Vom 21. bis 30. März fand das Festival International du Film de Fribourg statt. Die 39. Ausgabe des FIFF widmete sich insbesondere Kriminalfilmen aus aller Welt. Wir haben dem Programm auf den Zahn gefühlt und cineastische Höhen – aber auch Tiefen – erlebt.
Die Vorfreude auf das FIFF war aufgrund des vielversprechenden Filmprogramms gross. Auch wenn der Fokus der diesjährigen Ausgabe auf Krimis lag, waren viele andere Genres ebenso vertreten, darunter beispielsweise Kinder- und Science-Fiction-Filme. Wir probierten an drei Tagen von allem ein bisschen etwas aus. Die Erwartungen an den ersten Film auf unserem Programm, «Snow White» von Marc Webb, waren tief – zu Recht, wie sich herausstellte. Die mediale Aufmerksamkeit, die der Film schon weit vor dem Kinostart erhalten hatte, war überwältigend – und zwar im negativen Sinne. Bemängelt wurden unter anderem das Casting von Rachel Zegler («West Side Story») als Schneewittchen und die sieben CGI-Zwerge.
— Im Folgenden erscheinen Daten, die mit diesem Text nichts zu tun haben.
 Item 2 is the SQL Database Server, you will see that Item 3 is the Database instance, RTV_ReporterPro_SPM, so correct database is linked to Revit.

Anders als erwartet, wurde der Film nicht in der Originalsprache, sondern auf Französisch ohne Untertitel gezeigt, was angesichts des jungen Publikums durchaus Sinn ergab. Dass der Film auf Französisch war, lenkte aber nicht vom seichten Plot ab. «Snow White» ist einer von Disneys vielen Live-Action-Remakes ohne Herz und Seele. Jegliche noch so solide schauspielerische Leistung – insbesondere die von Rachel Zegler – wird von den fürchterlichen CGI-Zwergen plattgemacht. Da fragt man sich, wie viele solcher qualitativer Flops es aus dem Hause Disney noch braucht, bis ihr Konzept, Kreativität und Innovation im Keim zu ersticken und Altes so lange zu recyceln, bis einem schwindlig wird, umgekrempelt wird.
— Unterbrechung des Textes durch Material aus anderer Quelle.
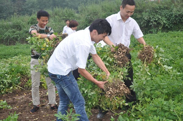 随岳高速淮河管理所组织员工下乡体验,帮助农民摘花生。

Rachel Zegler in «Snow White» / © 2024 Disney Enterprises, Inc. All Rights Reserved.
Durchgeschüttelt und nass gespritzt
Eine Überraschung war die Vorführung von «Exhuma» (2024) von Jang Jae-hyun. Dies lag allerdings weniger am Film selbst als am Kinosaal – denn es handelte sich um eine 4DX-Vorstellung. Was 4DX bedeutet, mussten wir am eigenen Leib erfahren: Die Sitze rüttelten mehr oder minder passend zur Szene, Wasser wurde uns ins Gesicht gespritzt und ein eigenartiges Parfüm wurde im Raum versprüht. Die ersten paar Minuten lang war das ganz unterhaltsam; nach einer gewissen Zeit störte es jedoch und begann, vom Film abzulenken.
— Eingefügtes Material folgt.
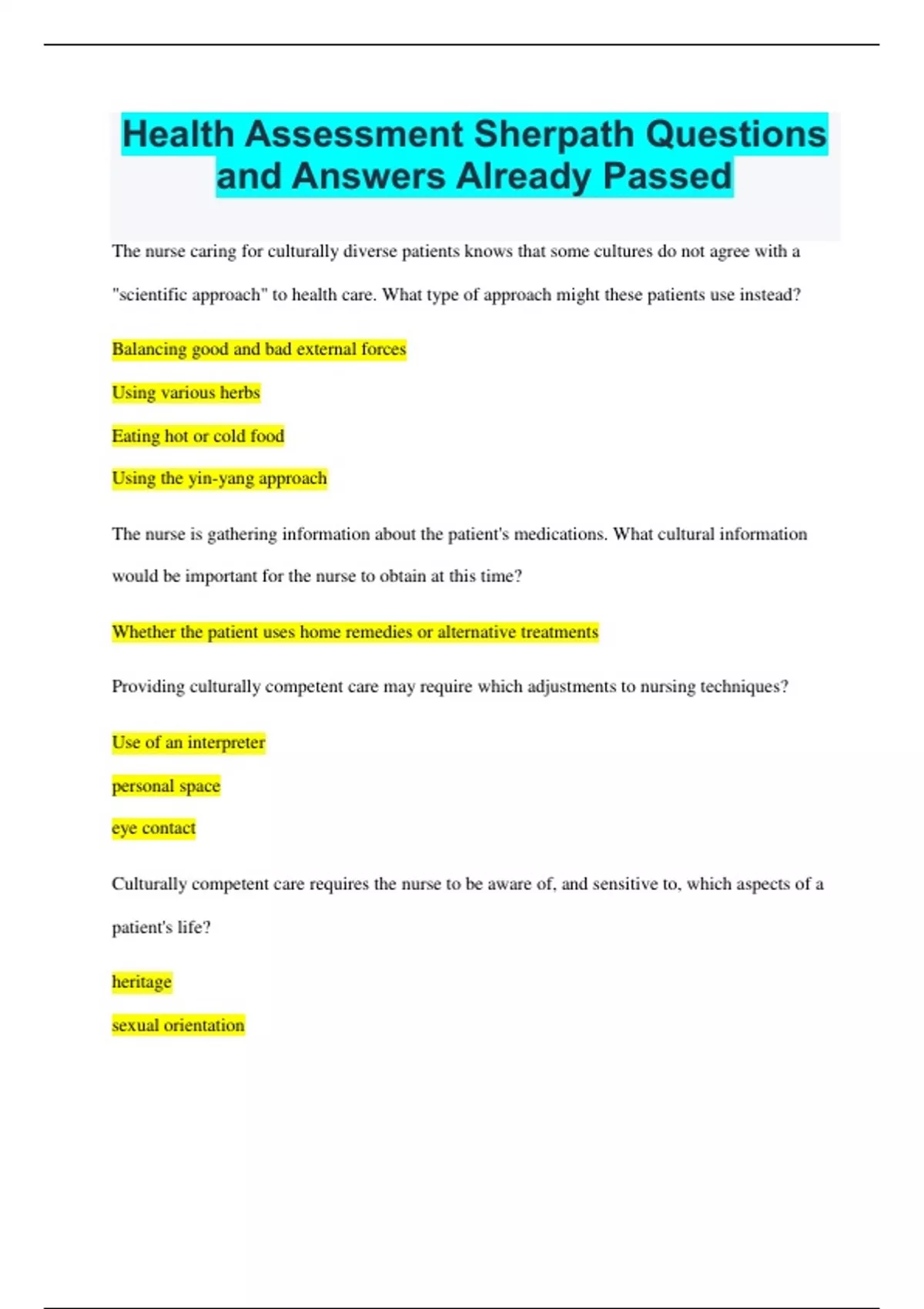 Health Assessment Sherpath Questions and Answers Already Passed The nurse caring for culturally diverse patients knows that some cultures do not agree with a "scientific approach" to health care. What type of approach might these patients use instead? Balancing good and bad external forces Using various herbs Eating hot or cold food Using the yin-yang approach The nurse is gathering information about the patient's medications. What cultural information would be important for the nurse to obtain at this time? Whether the patient uses home remedies or alternative treatments Providing culturally competent care may require which adjustments to nursing techniques? Use of an interpreter personal space eye contact Culturally competent care requires the nurse to be aware of, and sensitive to, which aspects of a patient's life? heritage sexual orientation Socioeconomic status ethnicity Which special circumstances should the nurse inquire about when assessing patients of ethnic minorities? Stressors and support networks Sense of life control Patient literacy The nurse is interviewing a non-English-speaking patient. What should the nurse do to best facilitate communication during the assessment? Use an interpreter When preparing a dietary meal plan for a new patient, the nurse understands that which cultural factors may play a role in the patient's food selection? Food beliefs Periods of required fasting Culturally forbidden foods Which aspects of a patient's life that are influenced by culture may have an impact on patient care? Health beliefs and practices Dietary practices Treatment preferences communication The nurse is caring for a patient from an unfamiliar culture who states the intent to use an alternative therapy to treat a health condition. What is the nurse's best response? "What type of alternative treatment do you plan to use?" Use of a medical interpreter to take a patient history in a non-English-speaking patient is preferred over use of the patient's family member(s) for which reasons? The ability of the interpreter to provide culturally sensitive advice The interpreter's knowledge of medical terminology The interpreter's understanding of patient rights The tendency for a patient to withhold embarrassing or private information from family When interviewing a patient through use of an interpreter, how should the nurse adjust the interviewing process? Knowledge of whether the patient belongs to a religious organization A spiritual group may be a resource during or after an illness, and knowledge of this can help the nurse identify the patient's faith-based influences. The nurse is conducting a cultural assessment of a patient from an unfamiliar culture. What information would be helpful in establishing the patient's faith-based influences and rituals? eye contact What is the nurse's goal in employing

«In 4DX muss man ‹Exhuma› nicht sehen.»
Dieser handelt von einer Gruppe koreanischer Schamanen, die damit beauftragt wurden, das Grab eines umstrittenen Familienoberhaupts auszuheben. Dass dies nicht so einfach wie gedacht ist, stellt sich schnell heraus, und schon bald beginnt ein Kampf um Leben und Tod. «Exhuma» ist ein gelungener gruseliger Mysterythriller. Die schauspielerische Leistung sitzt, die Spannung ist da und Klischees werden hier erfolglos gesucht. In 4DX muss man ihn aber nicht sehen.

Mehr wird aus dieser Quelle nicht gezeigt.